The recent New Jersey ruling blocking an unmarried father from being in the delivery room during the birth of his child has brought to the forefront an issue that desperately needs attention: the rights of an unmarried father.
Under current law, unwed fathers face a long and difficult battle to gain even the most basic of parental rights.
With more than 40 percent of children born out of wedlock in the United States, the extra hoops these fathers are required to jump through creates an unfair and unnecessary struggle for many men who simply want to be a part of their child's life. Unmarried fathers are essentially treated as second-class parents.
In the New Jersey case, Steven Plotnick sued ex-fiancￃﾩ Rebecca DeLuccia for several basic rights regarding his child: the right to notification when DeLuccia went into labor; the ability to see his child as soon as possible after birth; the ability to sign the birth certificate shortly after birth; for the baby to carry his surname; and for a parenting-time order to be issued. All of these requests were denied.
Most media coverage has focused on whether an unwed father has the right to be in the delivery room at the time of birth, though Plotnick's attorney has since denied that as their stated wish.
Either way, New Jersey Superior Court Judge Sohail Mohammed ruled that mothers have the right to decide whether the biological father is allowed in the room, but the wording only applies to fathers not married to the mother.
If the intent was to protect the health and privacy rights of the mother, why single out the ability to ban unmarried fathers instead of simply giving the mother absolute authority over who is allowed in the delivery room when the child is born?
Unnecessarily specifying unwed fathers like this clearly demonstrates the discriminatory attitude that is generally held: If you aren't married to the mother, you are less entitled to the rights of a father.
Moving beyond the predominantly reported aspect, the other requests in Plotnick's suit also carry fairly significant implications. The judge ruled that notifying Plotnick when his ex was going into labor would be a violation of the mother's privacy, and "Any interest a father has before the child's birth is subordinate to the mother's interests." Unmarried fathers are not even entitled to know when their child is about to come into this world.
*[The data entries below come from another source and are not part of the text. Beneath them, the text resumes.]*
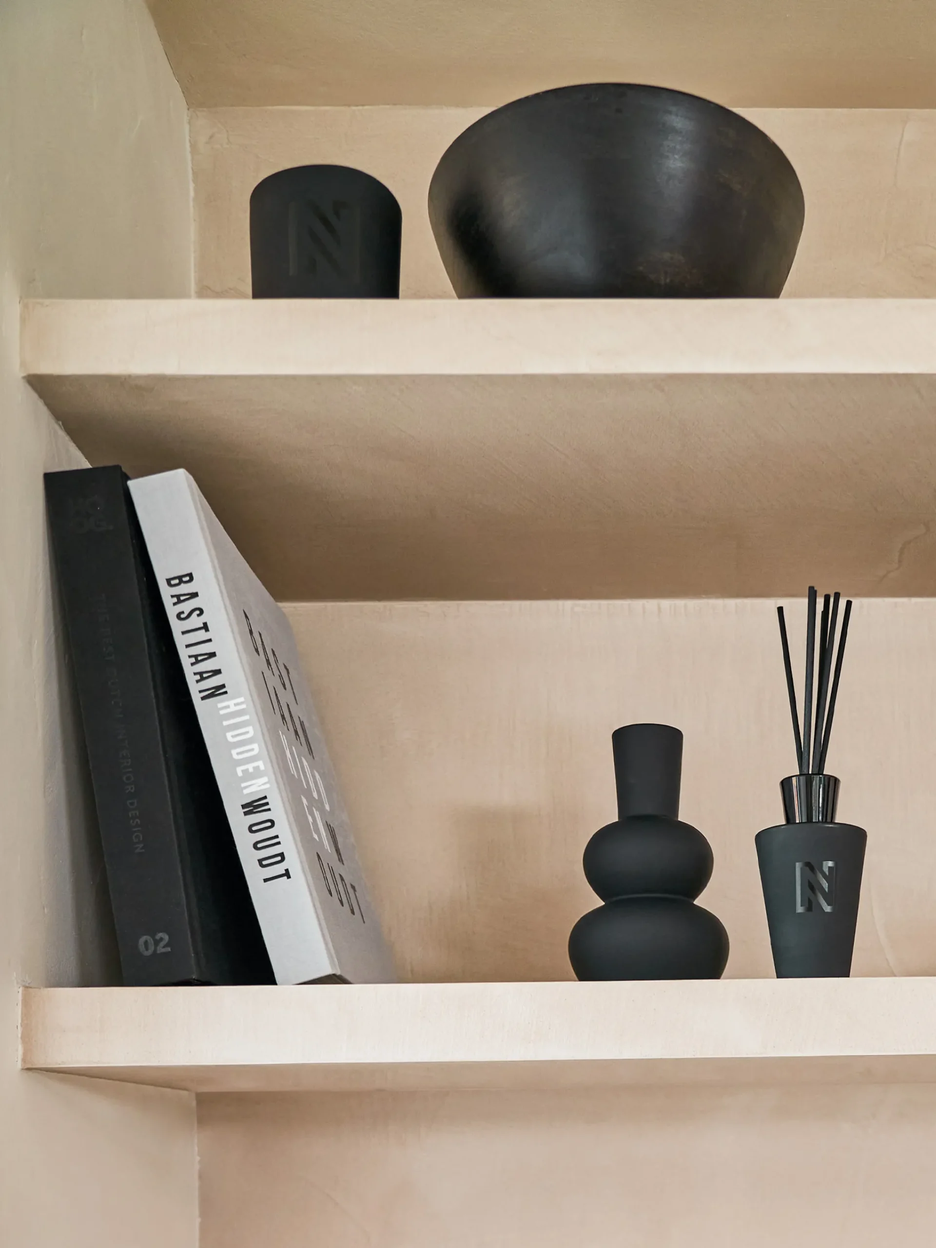 Verwijder de kraag en de plastic plug. Nadat de plastic plug is verwijderd, schroef je de zwarte kraag op de fles. Dompel de vijf stokjes in de vloeistof en laat ze de vloeistof opnemen voor enkele minuten. Draai de stokjes vervolgens om en plaats ze in de fles. Het label op de achterzijde is gemakkelijk te verwijderen d.m.v. een speciaal peel off label. Zorg ervoor dat je daarna je handen wast met water en zeep. Geniet van de houtachtige geur!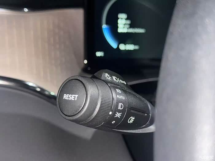 方向盘左侧转向拨杆短按RESET按键可以切换长期/短期行程,查看公里数时间电耗等,长按清零。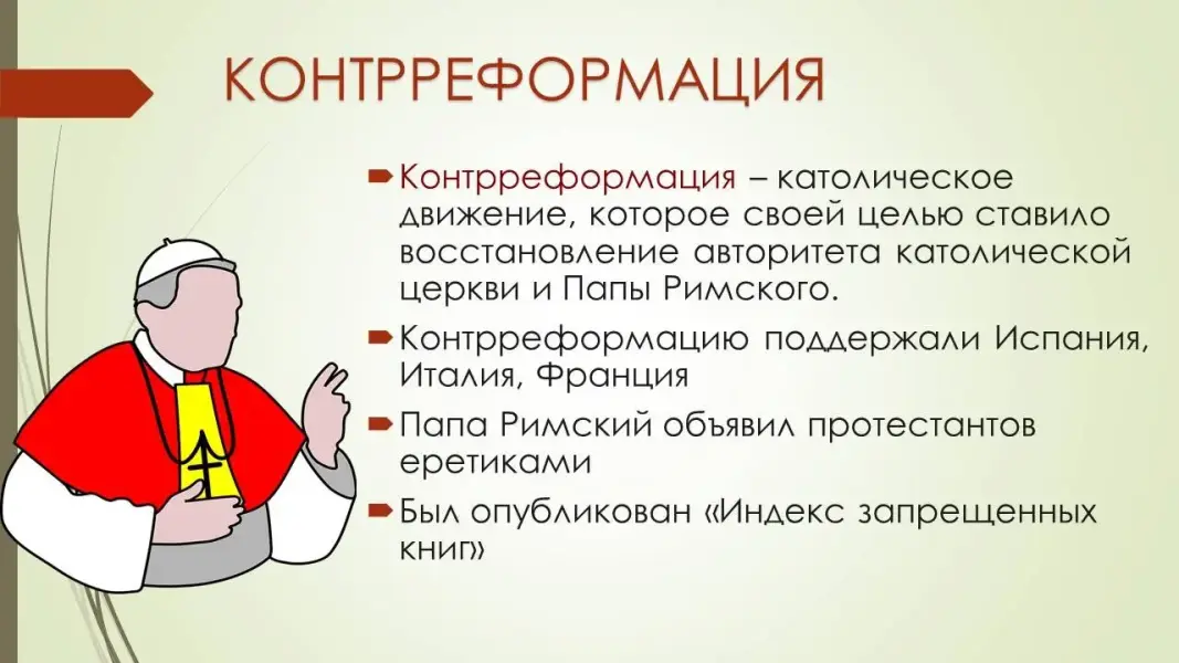 - Контрреформация - католическое движение, которое своей целью ставило - восстановление авторитета католической церкви и Папы Римского.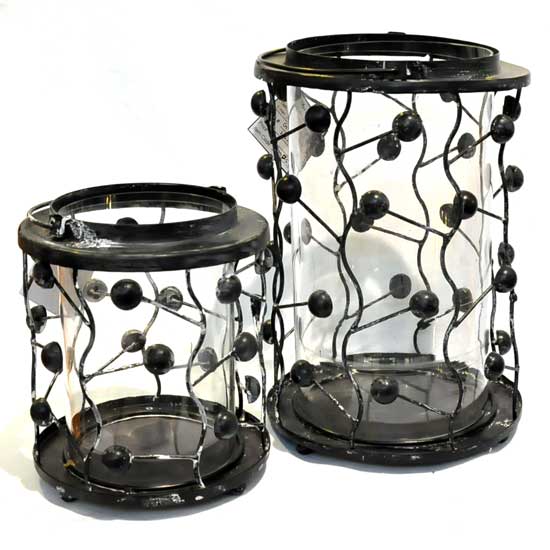 The cylindrical candle holder features a glass shade. The swirling metal wire and ball decorations add an aesthetic touch. Add a romantic ambiance to the room with this decorative metal candle holder.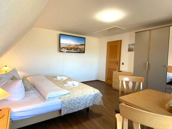 Das 1-Raum-Appartement befindet sich im Dachgeschoss des Süderhauses und ist mit seiner Größe von 22 Quadratmetern das perfekte Urlaubsdomizil für Singles und Paare.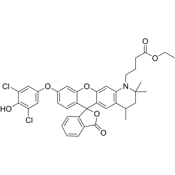 N1(CCCC(OCC)=O)C2=C(C=C3C4(C5=C(C=CC=C5)C(=O)O4)C4=CC=C(OC5=CC(Cl)=C(O)C(Cl)=C5)C=C4OC3=C2)C(C)CC1(C)C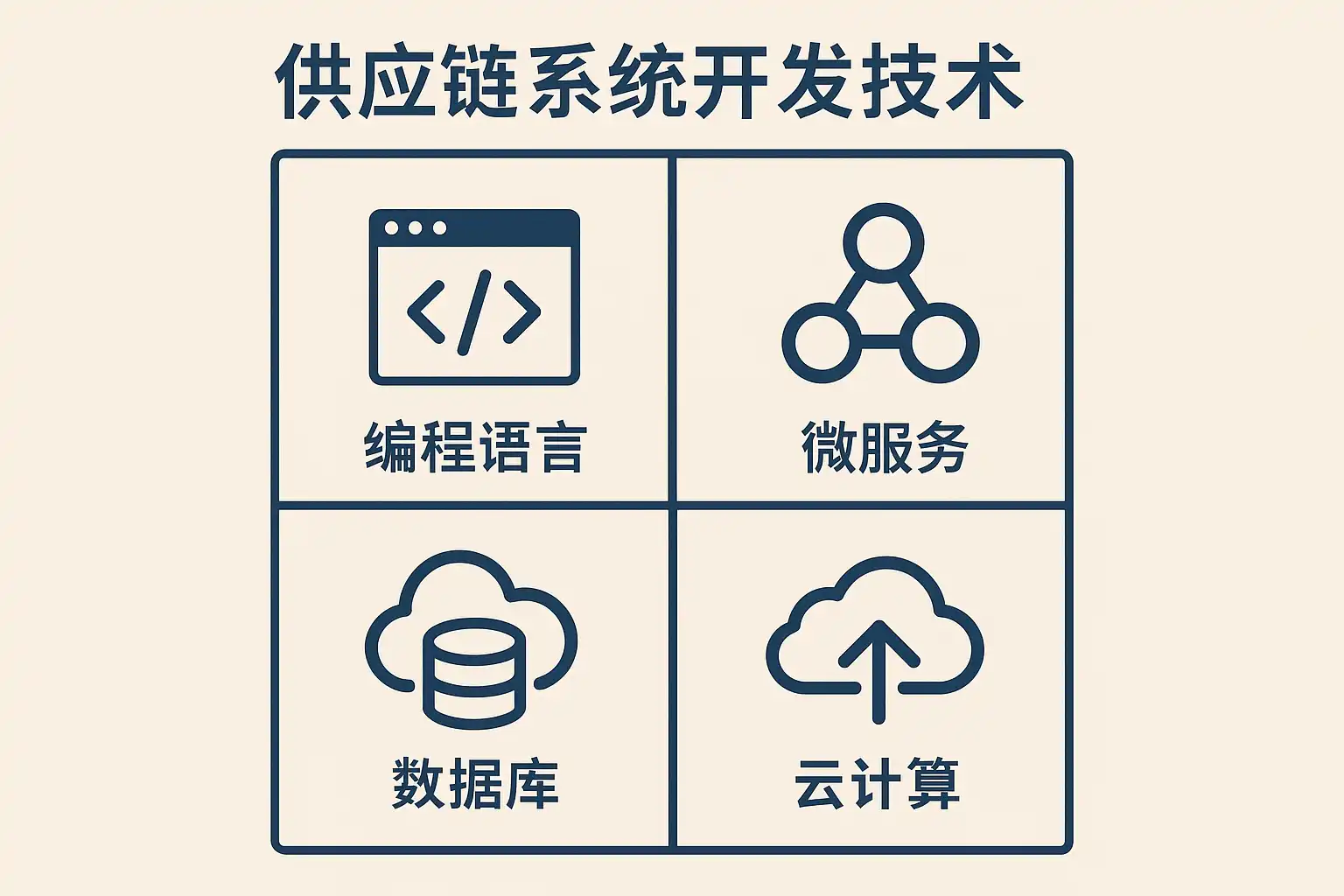 - 后端开发技术 后端是供应链系统的业务核心,选择依据系统规模、并发量和企业技术栈:

The final major points of contention were the right for Plotnick to sign the birth certificate shortly after birth and for a court order to be issued allotting him time to see his child.
According to Mohammed, the best interests of a child cannot be determined prior to birth, therefore a judgment for parenting time was inappropriate. Granting Plotnick the right to sign the birth certificate would also be a violation of the mother's rights because she did not consent to the action.
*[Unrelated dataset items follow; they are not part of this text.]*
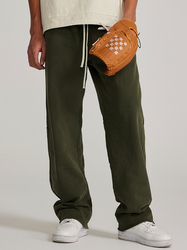 Pantalones de pierna recta con cordón de color sólido para hombre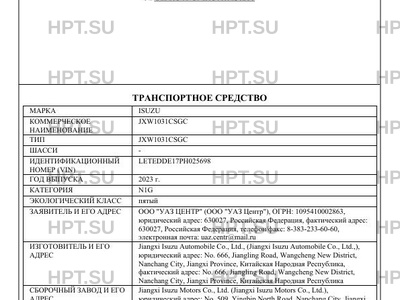 | Предприятие-изготовитель | Jiangxi Isuzu Automobile Co., Ltd., (Jiangxi Isuzu Automobile Co., Ltd.,), юридический адрес: No. 666, Jiangling Road, Wangcheng New District, Nanchang City, Jiangxi Province, Китайская Народная Республика, фактический адрес: No. 666, Jiangling Road, Wangcheng New District, Nanchang City, Jiangxi Province, Китайская Народная Республика |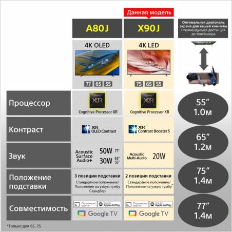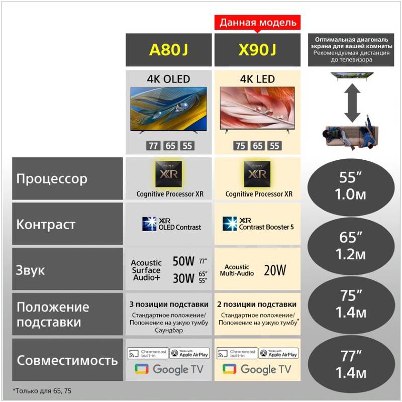 Телевизор LED Sony 75" XR-75X90J BRAVIA черный 4K Ultra HD 100Hz DVB-T DVB-T2 DVB-C DVB-S DVB-S2 USB WiFi Smart TV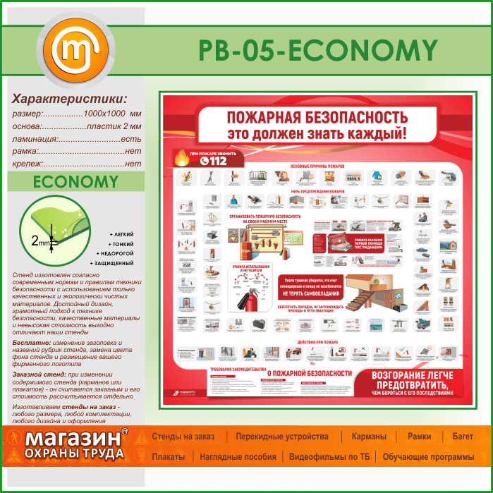 Стенд «Пожарная безопасность. Это должен знать каждый» (PB-05-ECONOMY) в Магнитогорске купить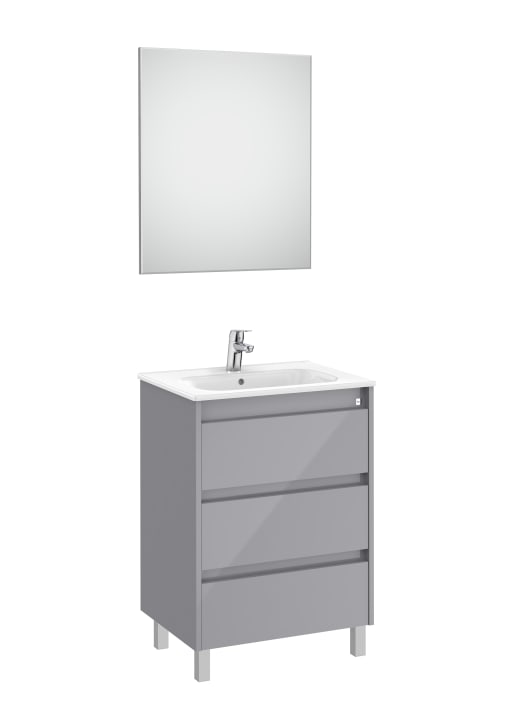 Pack TENET. Conjunto de mueble base tres cajones modelo TENET con lavabo, espejo y aplique led. Acabado gris brillo medida 600x453. Cajones con cierre amortiguado. No incluye grifería

When married couples have a child, the husband is legally assumed to be the father (whether that is true or not). However, unmarried fathers have no assumption of paternity, which must be established before they have any legal standing for custody, visitation or the right to be a part of that child's life.
The easiest method to establish paternity is to have the father present to fill out the birth certificate with the mother. However, the mother apparently has the right to deny this as well.
Based off the judge's ruling, it appears unwed fathers must still seek permission from the mother for essentially anything pertaining to the child, regardless of during the pregnancy or after. It would seem the umbrella reasoning could be boiled down to "any interest a father has in their child is subordinate to the mother's interests. Period."
With the increasing trend of having children out of wedlock, it is time to readdress the rights -- or lack thereof -- held by unwed fathers. The case in New Jersey has put a spotlight on just how little control a father has when he is not married to the mother of his child.
Being married does not automatically make you a good parent; just as being unmarried doesn't automatically make you a bad parent. Unwed fathers deserve the same opportunity to be a part of their child's life, and it's time we stop making them work so much harder to obtain basic parental rights.